AgentSight — Step-Level Hallucination Classifier

AgentSight is the first gradient-trained step-level hallucination classifier on the AgentHallu benchmark.
It identifies which step in an autonomous agent trajectory is the root cause of a hallucination.

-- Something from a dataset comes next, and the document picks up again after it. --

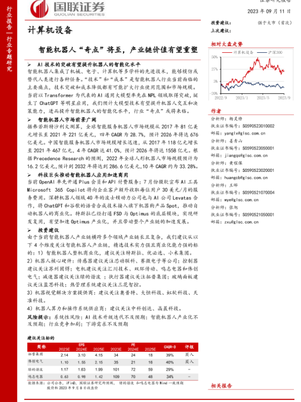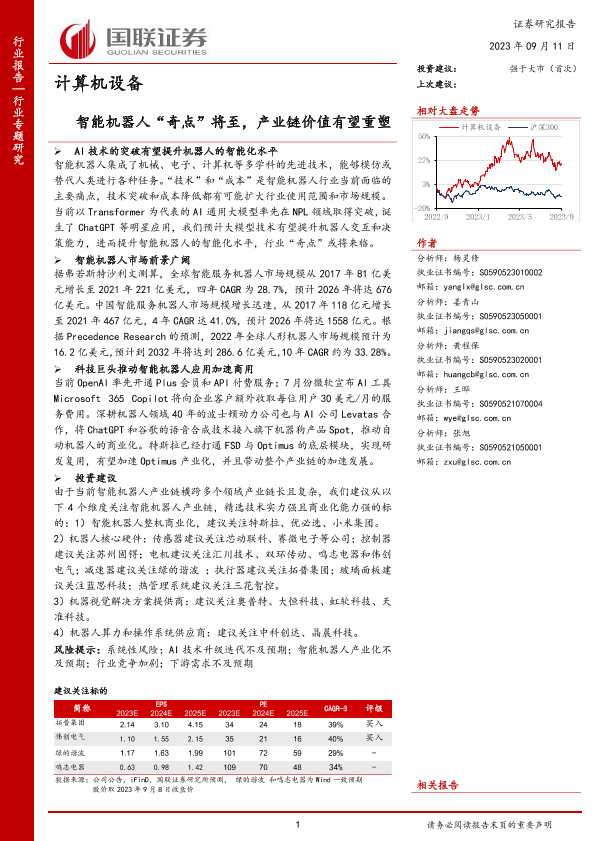 【国联证券】【20230911】计算机设备行业:智能机器人“奇点”将至,产业链价值有望重塑-36页

Results (locked test set, one-shot evaluation)

Metric	Value	95% CI	Note
Step Localisation Acc	47.8% (32/67)	[36.3%, 59.5%]	vs Gemini 41.1% — p=0.163, not stat. sig.
Judgment Macro-F1	54.7%	—	n=105 trajectories
Judgment Precision	58.5%	—	threshold=0.40
Judgment Recall	55.7%	—

The +6.7 point margin over Gemini-2.5-Pro is practically meaningful but not statistically significant at n=67. The 95% CI spans 23 points. We report this honestly.

Key Finding

Removing the [ACTION]+[OBS] tool-execution channel from the input drops step localisation accuracy by 31.8 percentage points (48.5% → 16.7% on the validation set). Tool output content is the dominant localisation signal.

Architecture

Backbone: DeBERTa-v3-base with LoRA adapters (r=16, α=64) — 1.42% of parameters trained
Context encoder: 3-layer Pre-LN Transformer (8 heads) over the step sequence
Head: 2-layer MLP → binary hallucination logit per step
Input: [QUERY] task [THOUGHT] reasoning [ACTION] tool_calls [OBS] responses (max 512 tokens)
Decision threshold: 0.40 (tuned on validation set)

Quick Start

from agentsight_sdk import AgentMonitor

# Auto-downloads weights from this repo
monitor = AgentMonitor("YOUR_HF_USERNAME/agentsight")

result = monitor.evaluate_trajectory(raw_trajectory_dict)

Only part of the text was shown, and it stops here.